Fuccaro, sömürge sonrası dönemi, Irak’taki mevcut siyasal yapıyı ve Ezidi kimliğini anlamak için şu dönemlere odaklanır: ulus-devlet inşası, manda yönetimi dönemi ve Osmanlı egemenliğinin son yüzyılı olan, Tanzimat (1839-76) ile başlayıp Sultan Abdülhamid’in (1876-1909) Panislamizm siyaseti altında devam eden reformcu dönem. Modernleşme paradigmasının iddiasının aksine Fuccaro, Irak toplumunun yapısına bakarak siyasal modernleşmenin “hiçbir şekilde evrimsel ve tek yönlü bir süreç olmadığı”nı ve “geleneksel cemaatlerin parçalanması ve dayanışma temellerinin dönüşüm geçirmesiyle de sonuçlanmadığını” iddia eder. Fuccaro’ya göre, çeşitli iktidar ilişkileri ve tarihsel süreçler bağlamında inşa edilen din ve aşiret kimlikleri, Iraklı Ezidilerin farklı yönetim biçimlerine, devlet aygıtlarına ve siyasal oluşumlara yanıt verirken kullandıkları temel insani sermayedir. Bu kimlikler ve grup dayanışmaları, 19. yüzyıl sonlarındaki Osmanlı modernleşmesi, 20. yüzyıldaki Avrupa sömürgeciliği ve Irak ulus-devletinin inşası süresince sürekli değişen ve farklılaşan siyasal koşullara uyarlanır. Diğer yandan, iktidar sahipleri değişen toplumsal yapı karşısında konumlarını tekrar müzakere etmek zorunda kalırlar.

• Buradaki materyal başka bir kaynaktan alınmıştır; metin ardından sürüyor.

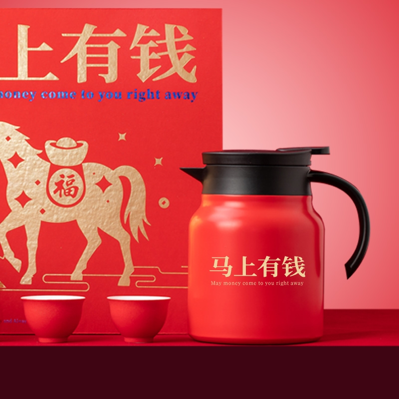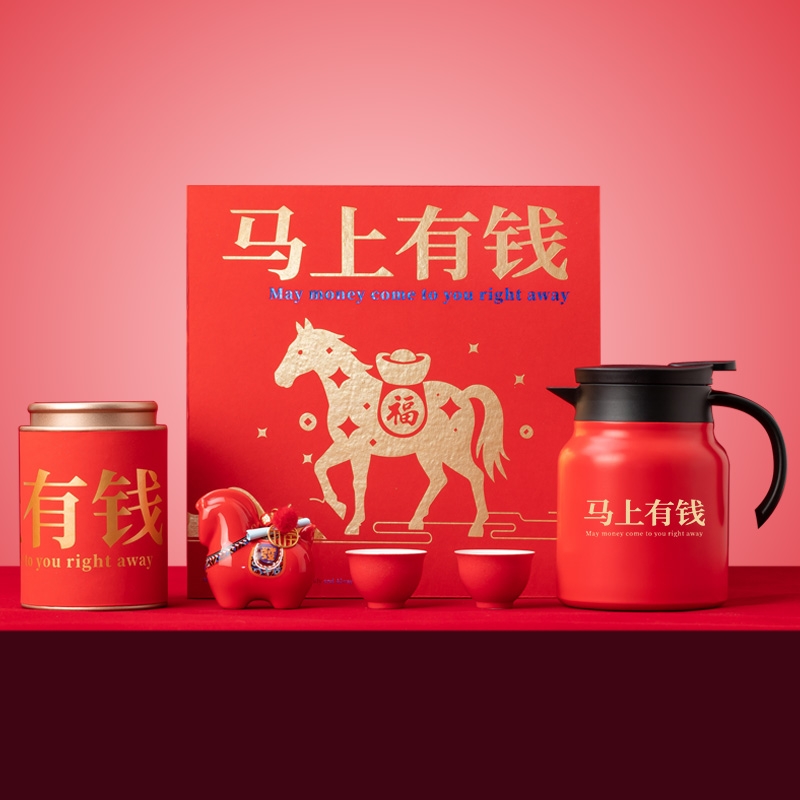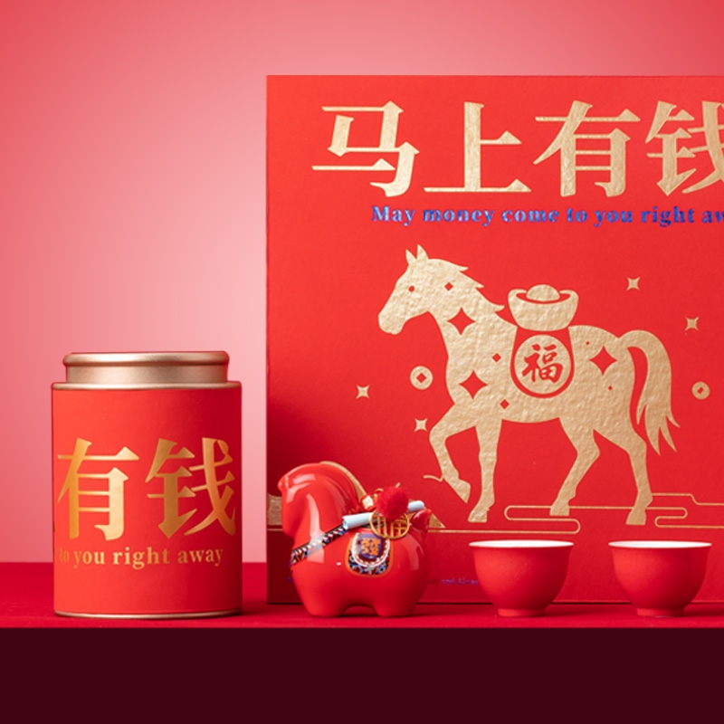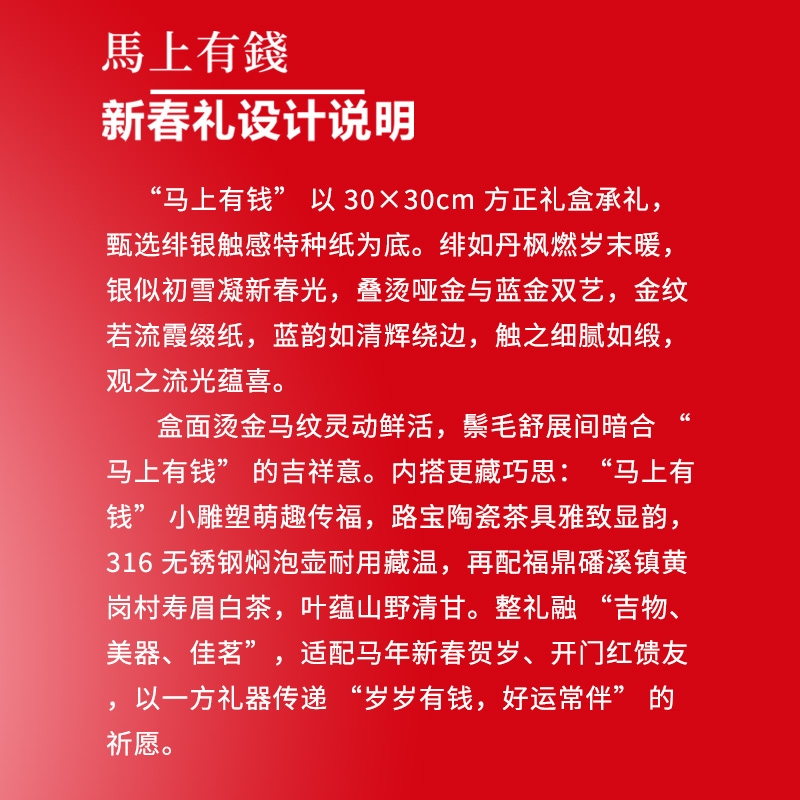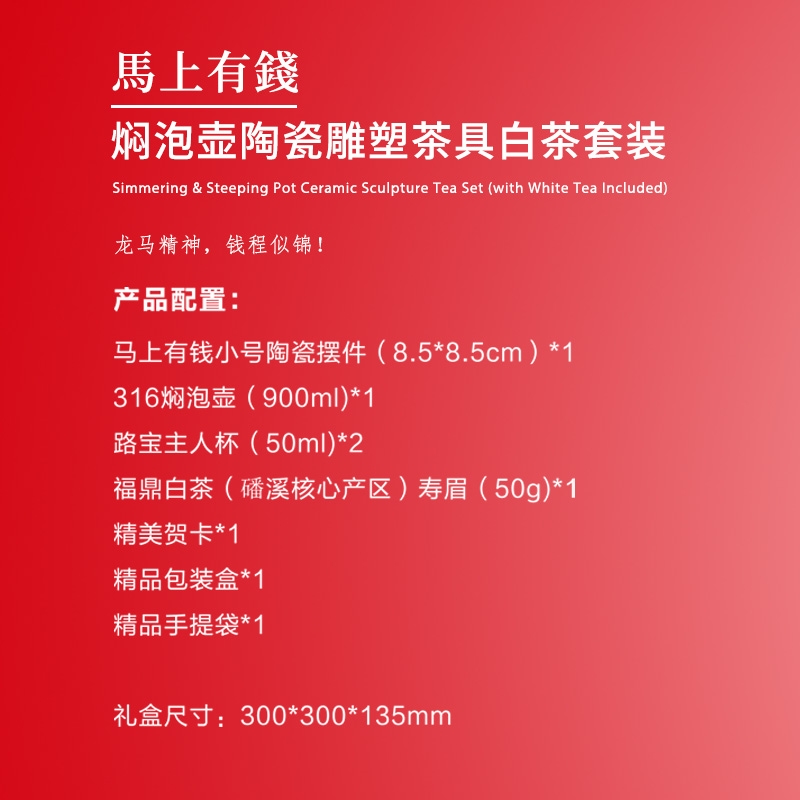 马上有钱寓意,龙马精神钱程似锦;焖泡壶 + 陶瓷雕塑 + 白茶,品类丰富;福鼎潘溪核心区寿眉,茶叶优质;精美包装 + 贺卡手提袋,礼赠体面;茶具实用,摆件有寓意,茶品可品
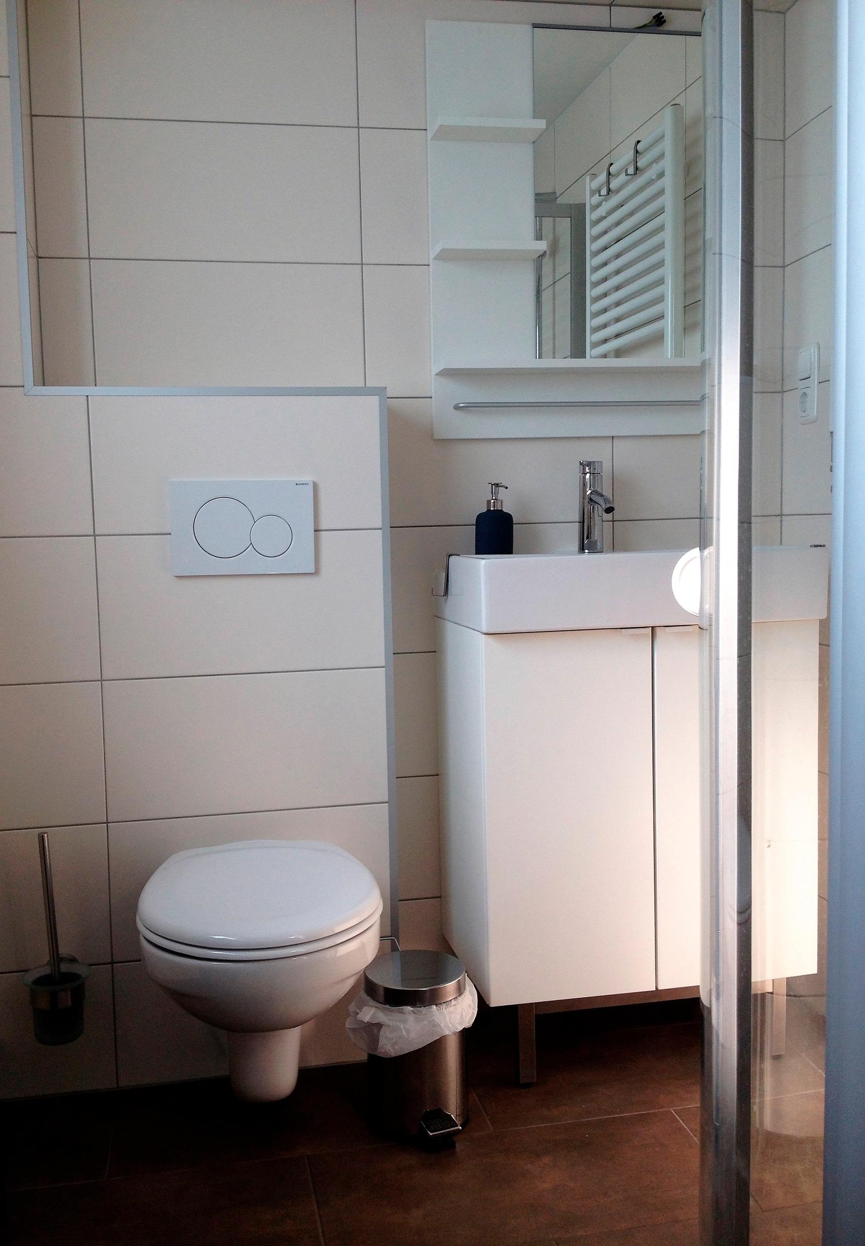 Sie ist 50 qm groß und besteht aus einem Wohnraum mit einer Essecke, einer separaten voll ausgestatteten Küche, einem Schlafraum und einem Badezimmer mit Dusche und WC. Draußen befindet sich eine überdachte Sitzecke, die einen eigenen Zugang hat. Ein eigener Parkplatz ist vorhanden.

Bunun en önemli sonucu, genelde Ortadoğu’nun özelde ise Irak’ın siyasi ve kültürel haritasının tekrar çizilmesidir. Fuccaro, sömürge sonrası dönemde sürdürülen istikrarsızlık modelinin soykütüğünü çıkarır: “Bağımsızlıktan sonra, Britanya hâkimiyetinin Irak siyasetine damgasını vurduğu açıkça görüldü. Bu hâkimiyet, siyasal ve toplumsal fraksiyonlar arasında aracı rol üstlenerek, sömürge sonrası dönemde büyük ölçüde devam edecek bir istikrarsızlık modeli yaratmıştı. 1920’lerde mandacı gücün varlığı, sömürge devletin iktidar yapısının değişik seviyelerindeki çatışmaların giderek büyümesini ve yeniden üretimini teşvik etti. Bu çatışmaların çoğunun kökeni, Osmanlı dönemine, özellikle 19. yüzyılın ikinci yarısındaki siyasal, toplumsal ve kültürel gerçekliklere uzanıyordu.” ‘Öteki Kürtler: Sömürge Irak’ında Ezidiler’, bu yönüyle bugünkü Irak toplumunun ve Ortadoğu coğrafyasının yapısına da ışık tutmaktadır.